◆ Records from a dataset
-=-=-
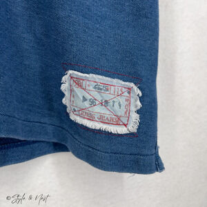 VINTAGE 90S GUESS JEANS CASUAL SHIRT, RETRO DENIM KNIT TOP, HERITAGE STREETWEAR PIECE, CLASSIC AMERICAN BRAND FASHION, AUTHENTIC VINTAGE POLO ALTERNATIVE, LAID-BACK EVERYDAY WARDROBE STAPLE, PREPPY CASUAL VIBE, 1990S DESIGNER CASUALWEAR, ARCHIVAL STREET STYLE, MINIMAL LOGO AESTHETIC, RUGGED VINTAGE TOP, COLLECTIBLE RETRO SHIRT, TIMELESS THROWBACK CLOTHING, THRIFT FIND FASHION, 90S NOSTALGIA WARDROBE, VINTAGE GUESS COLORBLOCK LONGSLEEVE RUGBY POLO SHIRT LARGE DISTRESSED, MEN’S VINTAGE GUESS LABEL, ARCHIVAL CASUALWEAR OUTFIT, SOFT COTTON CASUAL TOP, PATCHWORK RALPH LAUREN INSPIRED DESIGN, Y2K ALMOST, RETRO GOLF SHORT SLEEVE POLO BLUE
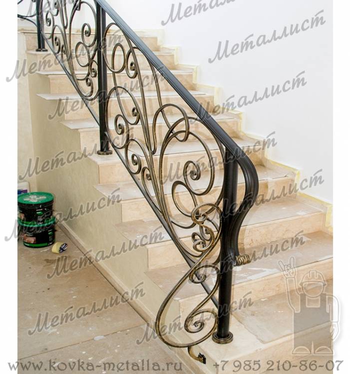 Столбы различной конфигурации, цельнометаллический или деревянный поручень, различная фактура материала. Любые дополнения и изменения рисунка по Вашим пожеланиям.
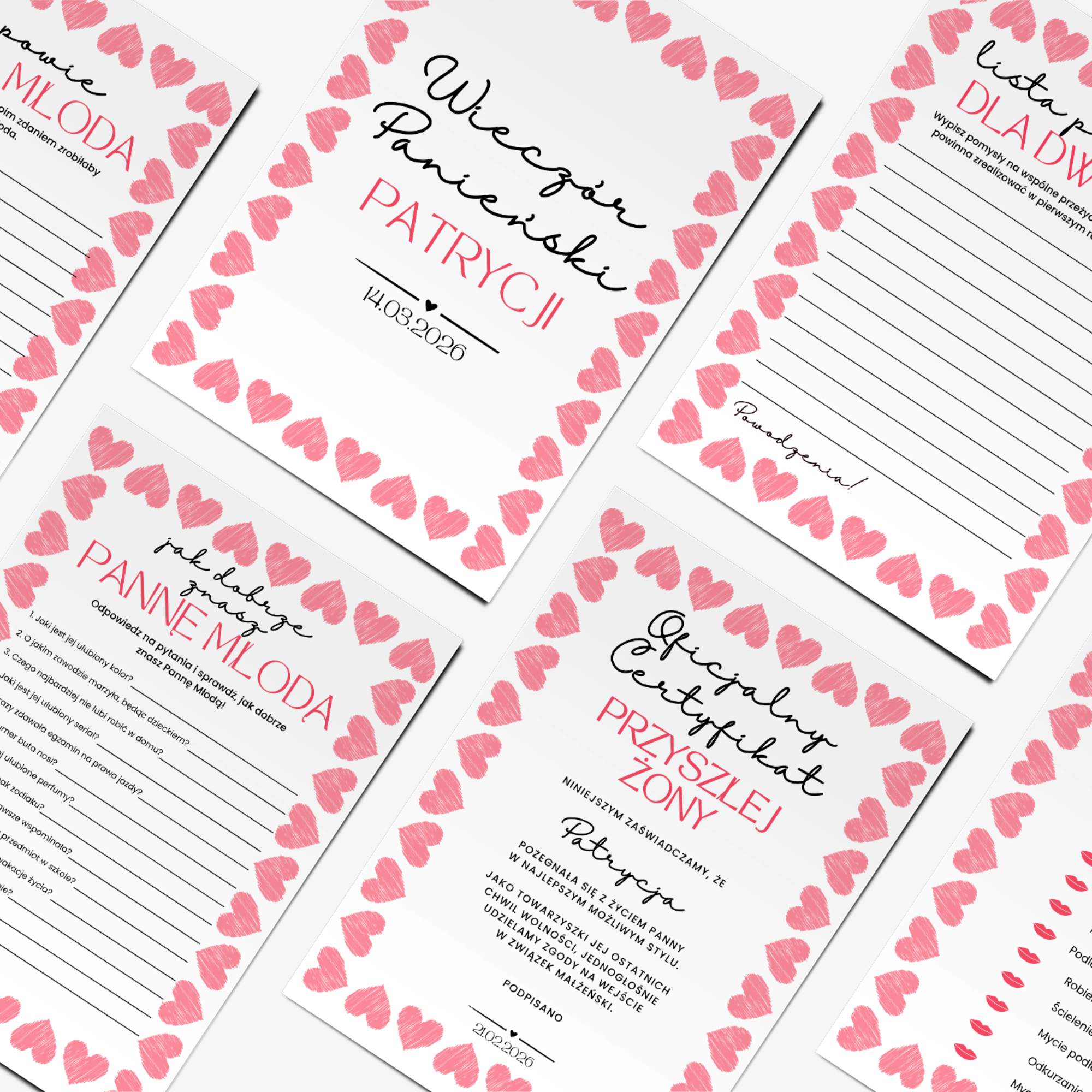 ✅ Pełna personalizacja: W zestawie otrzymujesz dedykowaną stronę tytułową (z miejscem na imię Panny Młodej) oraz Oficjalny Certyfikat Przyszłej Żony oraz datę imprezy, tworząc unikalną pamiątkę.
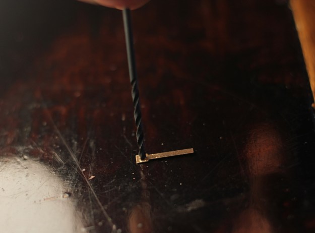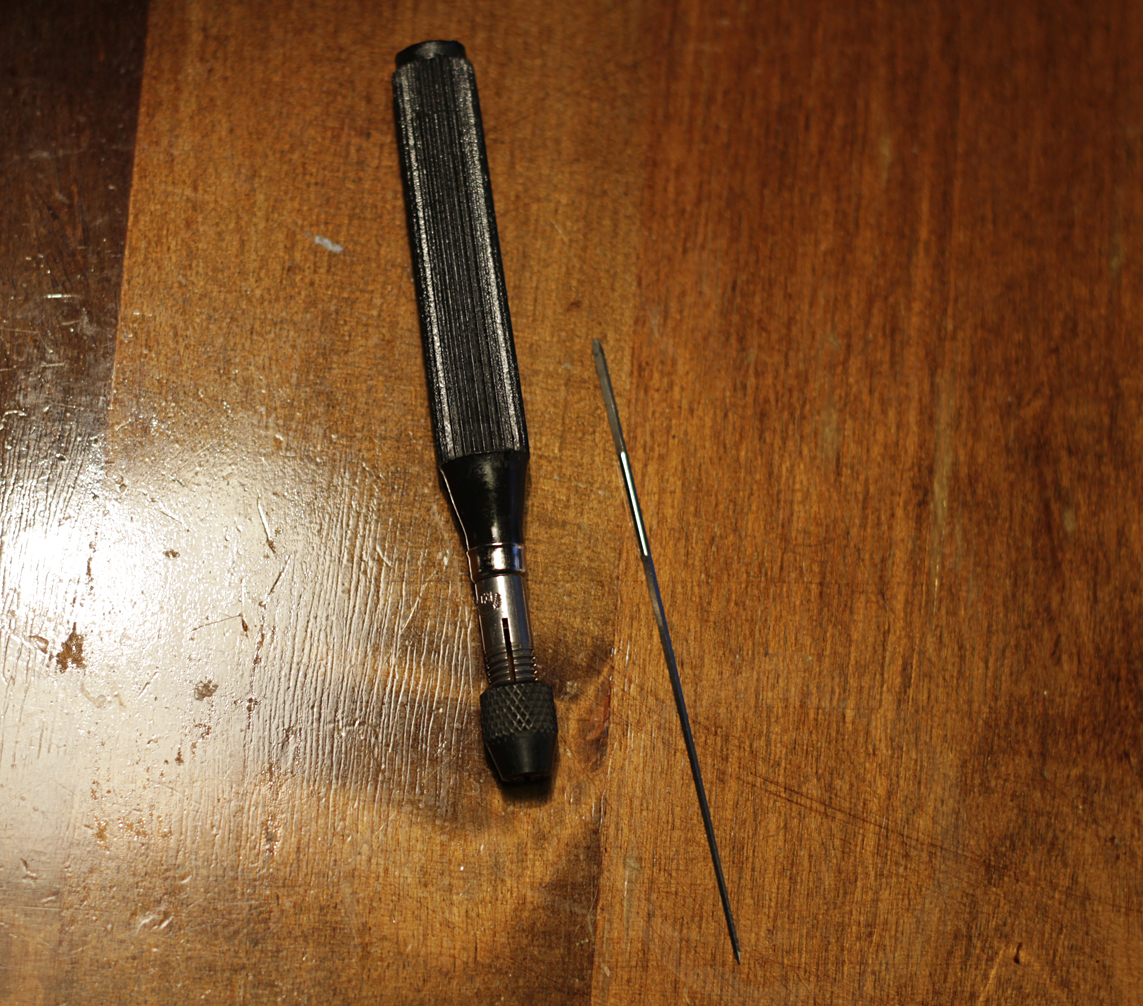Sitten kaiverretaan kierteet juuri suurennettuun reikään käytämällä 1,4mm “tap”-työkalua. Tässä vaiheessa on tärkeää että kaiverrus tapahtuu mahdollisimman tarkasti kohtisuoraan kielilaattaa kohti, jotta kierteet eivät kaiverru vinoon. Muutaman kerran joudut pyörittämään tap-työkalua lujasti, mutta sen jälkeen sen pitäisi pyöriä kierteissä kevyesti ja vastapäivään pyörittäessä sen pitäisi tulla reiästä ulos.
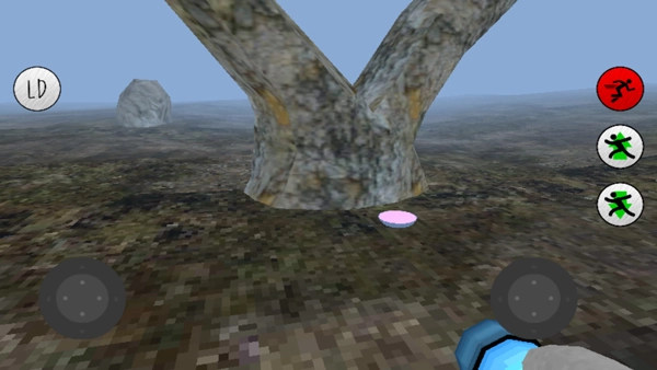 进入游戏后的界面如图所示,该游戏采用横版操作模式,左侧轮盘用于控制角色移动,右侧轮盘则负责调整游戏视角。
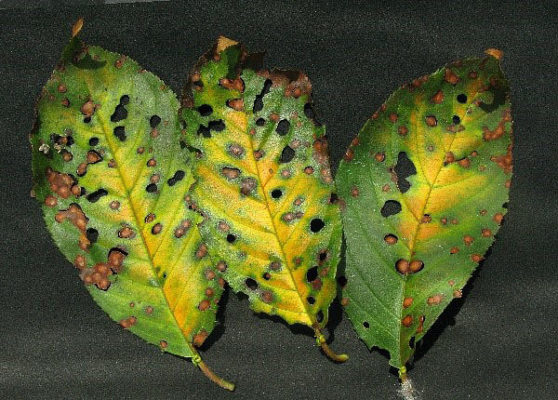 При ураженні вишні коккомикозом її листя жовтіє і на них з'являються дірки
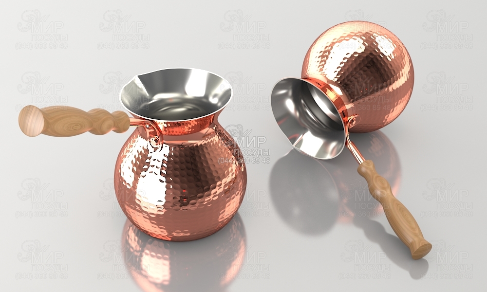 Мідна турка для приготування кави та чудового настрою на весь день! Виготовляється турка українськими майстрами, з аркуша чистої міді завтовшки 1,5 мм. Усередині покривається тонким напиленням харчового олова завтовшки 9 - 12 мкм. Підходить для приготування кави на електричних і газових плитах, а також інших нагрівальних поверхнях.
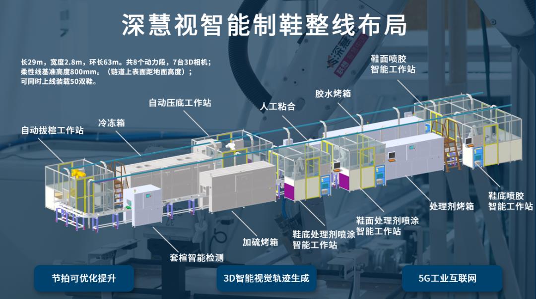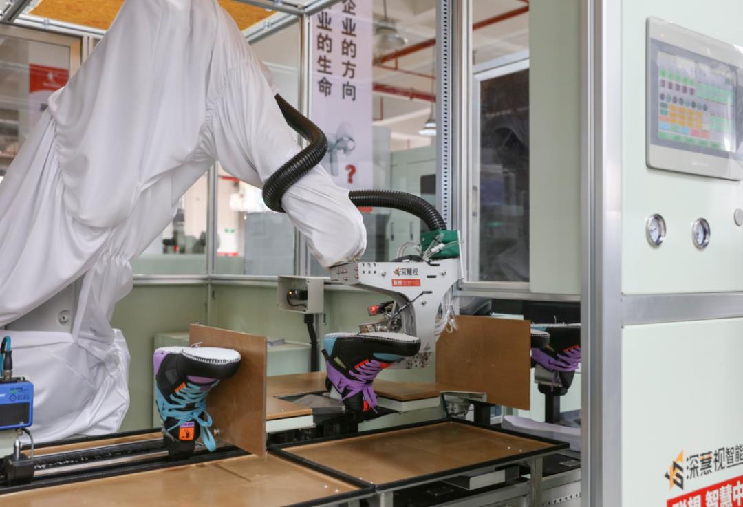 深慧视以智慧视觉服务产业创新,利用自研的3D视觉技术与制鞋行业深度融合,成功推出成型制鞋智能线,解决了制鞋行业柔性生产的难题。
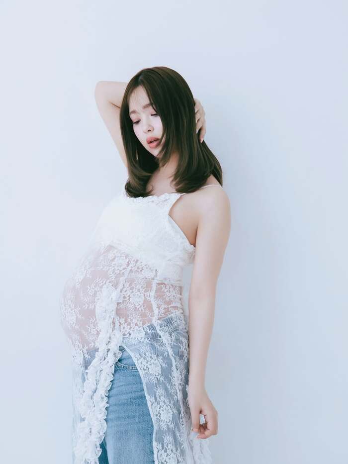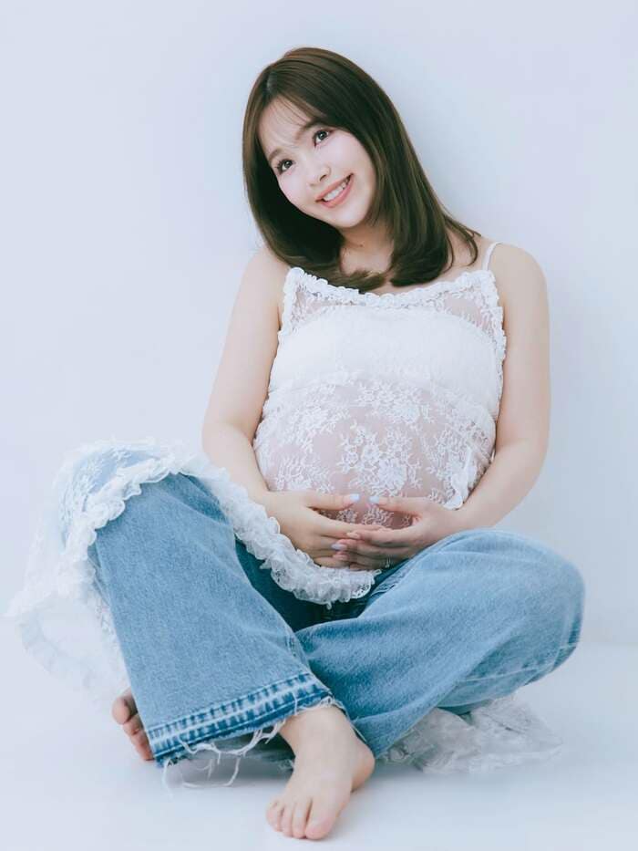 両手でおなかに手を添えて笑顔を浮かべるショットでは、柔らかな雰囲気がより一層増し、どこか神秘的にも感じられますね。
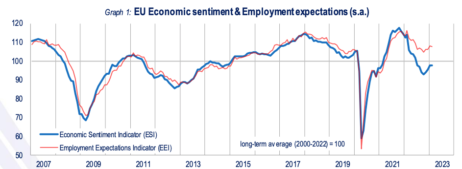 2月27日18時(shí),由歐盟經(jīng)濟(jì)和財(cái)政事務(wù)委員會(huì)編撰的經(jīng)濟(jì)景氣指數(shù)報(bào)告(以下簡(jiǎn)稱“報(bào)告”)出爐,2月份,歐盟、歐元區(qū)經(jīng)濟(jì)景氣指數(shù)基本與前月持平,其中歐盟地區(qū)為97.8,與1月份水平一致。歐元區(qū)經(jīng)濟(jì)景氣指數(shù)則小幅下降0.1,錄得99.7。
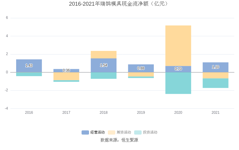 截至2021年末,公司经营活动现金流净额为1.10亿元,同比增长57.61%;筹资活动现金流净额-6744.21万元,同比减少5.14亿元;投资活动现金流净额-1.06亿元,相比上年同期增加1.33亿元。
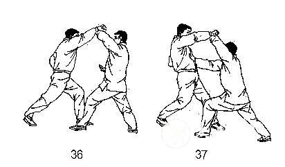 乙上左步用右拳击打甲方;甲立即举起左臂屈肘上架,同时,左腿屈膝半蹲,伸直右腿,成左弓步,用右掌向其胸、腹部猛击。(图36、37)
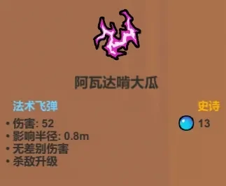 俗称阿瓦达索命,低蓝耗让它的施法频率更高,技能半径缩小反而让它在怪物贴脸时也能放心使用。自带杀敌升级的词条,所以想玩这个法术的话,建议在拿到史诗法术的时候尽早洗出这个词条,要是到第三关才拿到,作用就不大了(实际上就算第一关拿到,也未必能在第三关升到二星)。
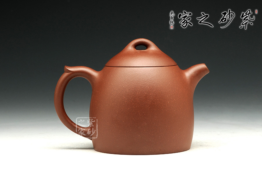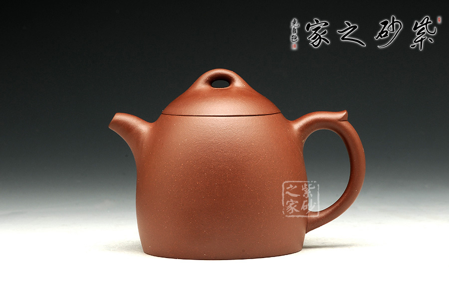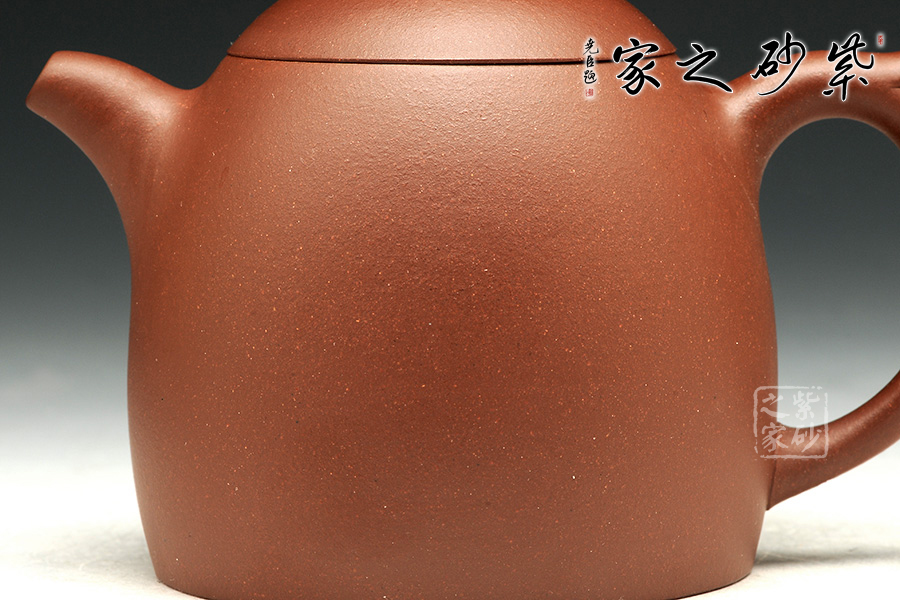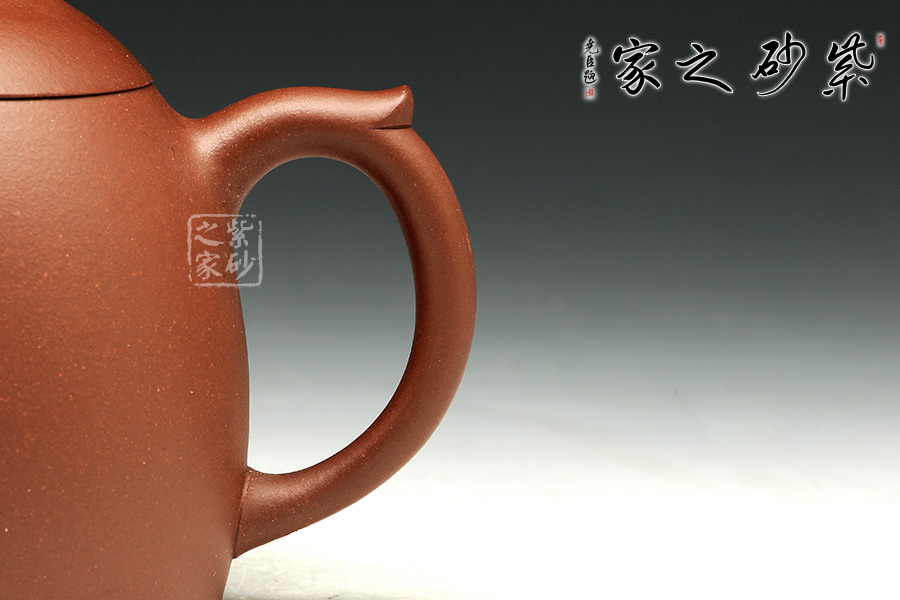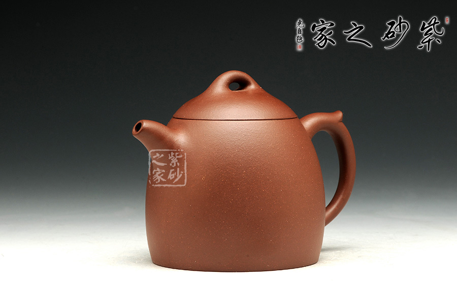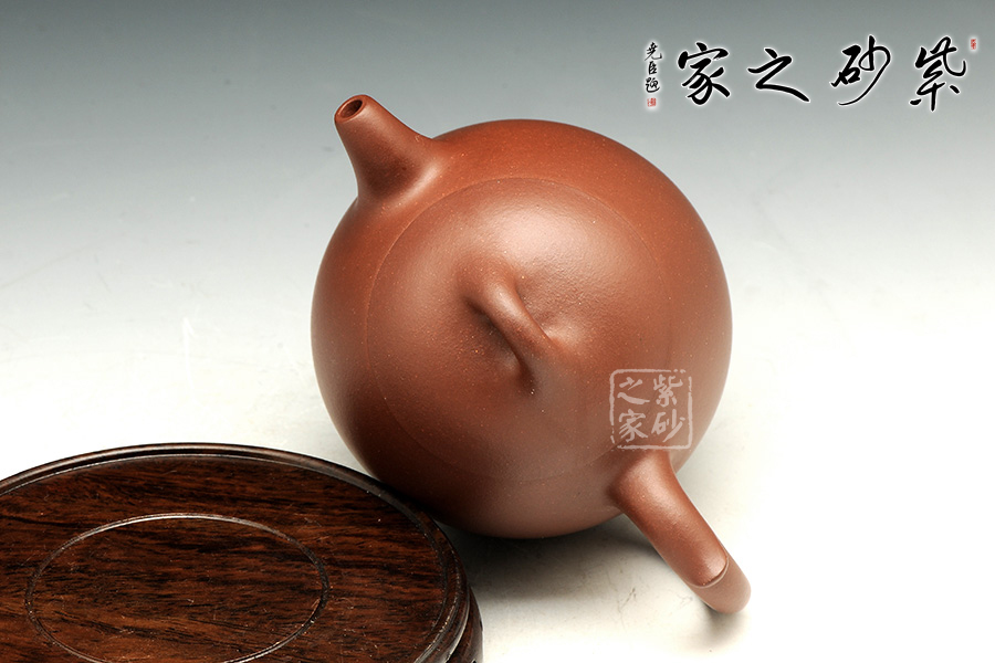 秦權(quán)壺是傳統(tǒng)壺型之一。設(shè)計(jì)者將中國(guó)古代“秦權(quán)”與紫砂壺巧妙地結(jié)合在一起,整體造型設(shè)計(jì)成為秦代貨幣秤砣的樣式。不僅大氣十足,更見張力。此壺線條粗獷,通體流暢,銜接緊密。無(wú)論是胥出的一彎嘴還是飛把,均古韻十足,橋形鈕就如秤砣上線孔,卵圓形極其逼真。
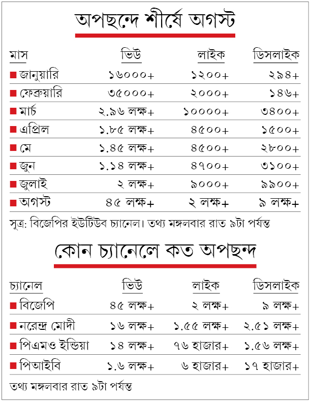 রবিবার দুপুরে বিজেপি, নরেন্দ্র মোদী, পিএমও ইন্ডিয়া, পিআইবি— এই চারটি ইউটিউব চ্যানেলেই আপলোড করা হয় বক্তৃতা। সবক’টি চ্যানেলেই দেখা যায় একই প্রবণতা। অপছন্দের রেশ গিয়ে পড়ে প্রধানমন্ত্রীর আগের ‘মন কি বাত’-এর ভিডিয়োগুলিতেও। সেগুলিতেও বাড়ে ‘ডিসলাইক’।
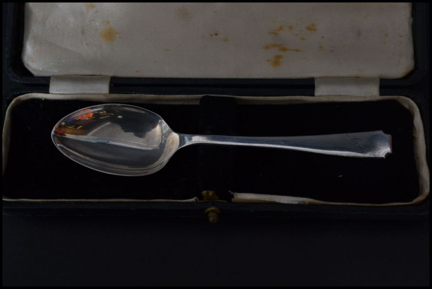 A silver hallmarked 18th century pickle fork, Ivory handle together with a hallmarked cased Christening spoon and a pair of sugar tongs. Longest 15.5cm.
-=-=-
◆ Goal of the exercise
Reproduce each entry verbatim, excluding any embedded images.

◆ Result of this task
 VINTAGE 90S GUESS JEANS CASUAL SHIRT, RETRO DENIM KNIT TOP, HERITAGE STREETWEAR PIECE, CLASSIC AMERICAN BRAND FASHION, AUTHENTIC VINTAGE POLO ALTERNATIVE, LAID-BACK EVERYDAY WARDROBE STAPLE, PREPPY CASUAL VIBE, 1990S DESIGNER CASUALWEAR, ARCHIVAL STREET STYLE, MINIMAL LOGO AESTHETIC, RUGGED VINTAGE TOP, COLLECTIBLE RETRO SHIRT, TIMELESS THROWBACK CLOTHING, THRIFT FIND FASHION, 90S NOSTALGIA WARDROBE, VINTAGE GUESS COLORBLOCK LONGSLEEVE RUGBY POLO SHIRT LARGE DISTRESSED, MEN’S VINTAGE GUESS LABEL, ARCHIVAL CASUALWEAR OUTFIT, SOFT COTTON CASUAL TOP, PATCHWORK RALPH LAUREN INSPIRED DESIGN, Y2K ALMOST, RETRO GOLF SHORT SLEEVE POLO BLUE
 Столбы различной конфигурации, цельнометаллический или деревянный поручень, различная фактура материала. Любые дополнения и изменения рисунка по Вашим пожеланиям.
 ✅ Pełna personalizacja: W zestawie otrzymujesz dedykowaną stronę tytułową (z miejscem na imię Panny Młodej) oraz Oficjalny Certyfikat Przyszłej Żony oraz datę imprezy, tworząc unikalną pamiątkę.
Sitten kaiverretaan kierteet juuri suurennettuun reikään käytämällä 1,4mm “tap”-työkalua. Tässä vaiheessa on tärkeää että kaiverrus tapahtuu mahdollisimman tarkasti kohtisuoraan kielilaattaa kohti, jotta kierteet eivät kaiverru vinoon. Muutaman kerran joudut pyörittämään tap-työkalua lujasti, mutta sen jälkeen sen pitäisi pyöriä kierteissä kevyesti ja vastapäivään pyörittäessä sen pitäisi tulla reiästä ulos.
 进入游戏后的界面如图所示,该游戏采用横版操作模式,左侧轮盘用于控制角色移动,右侧轮盘则负责调整游戏视角。
 При ураженні вишні коккомикозом її листя жовтіє і на них з'являються дірки
 Мідна турка для приготування кави та чудового настрою на весь день! Виготовляється турка українськими майстрами, з аркуша чистої міді завтовшки 1,5 мм. Усередині покривається тонким напиленням харчового олова завтовшки 9 - 12 мкм. Підходить для приготування кави на електричних і газових плитах, а також інших нагрівальних поверхнях.
 深慧视以智慧视觉服务产业创新,利用自研的3D视觉技术与制鞋行业深度融合,成功推出成型制鞋智能线,解决了制鞋行业柔性生产的难题。
 両手でおなかに手を添えて笑顔を浮かべるショットでは、柔らかな雰囲気がより一層増し、どこか神秘的にも感じられますね。
 2月27日18時(shí),由歐盟經(jīng)濟(jì)和財(cái)政事務(wù)委員會(huì)編撰的經(jīng)濟(jì)景氣指數(shù)報(bào)告(以下簡(jiǎn)稱“報(bào)告”)出爐,2月份,歐盟、歐元區(qū)經(jīng)濟(jì)景氣指數(shù)基本與前月持平,其中歐盟地區(qū)為97.8,與1月份水平一致。歐元區(qū)經(jīng)濟(jì)景氣指數(shù)則小幅下降0.1,錄得99.7。
 截至2021年末,公司经营活动现金流净额为1.10亿元,同比增长57.61%;筹资活动现金流净额-6744.21万元,同比减少5.14亿元;投资活动现金流净额-1.06亿元,相比上年同期增加1.33亿元。
 乙上左步用右拳击打甲方;甲立即举起左臂屈肘上架,同时,左腿屈膝半蹲,伸直右腿,成左弓步,用右掌向其胸、腹部猛击。(图36、37)
 俗称阿瓦达索命,低蓝耗让它的施法频率更高,技能半径缩小反而让它在怪物贴脸时也能放心使用。自带杀敌升级的词条,所以想玩这个法术的话,建议在拿到史诗法术的时候尽早洗出这个词条,要是到第三关才拿到,作用就不大了(实际上就算第一关拿到,也未必能在第三关升到二星)。
 秦權(quán)壺是傳統(tǒng)壺型之一。設(shè)計(jì)者將中國(guó)古代“秦權(quán)”與紫砂壺巧妙地結(jié)合在一起,整體造型設(shè)計(jì)成為秦代貨幣秤砣的樣式。不僅大氣十足,更見張力。此壺線條粗獷,通體流暢,銜接緊密。無(wú)論是胥出的一彎嘴還是飛把,均古韻十足,橋形鈕就如秤砣上線孔,卵圓形極其逼真。
 রবিবার দুপুরে বিজেপি, নরেন্দ্র মোদী, পিএমও ইন্ডিয়া, পিআইবি— এই চারটি ইউটিউব চ্যানেলেই আপলোড করা হয় বক্তৃতা। সবক’টি চ্যানেলেই দেখা যায় একই প্রবণতা। অপছন্দের রেশ গিয়ে পড়ে প্রধানমন্ত্রীর আগের ‘মন কি বাত’-এর ভিডিয়োগুলিতেও। সেগুলিতেও বাড়ে ‘ডিসলাইক’।
 A silver hallmarked 18th century pickle fork, Ivory handle together with a hallmarked cased Christening spoon and a pair of sugar tongs. Longest 15.5cm.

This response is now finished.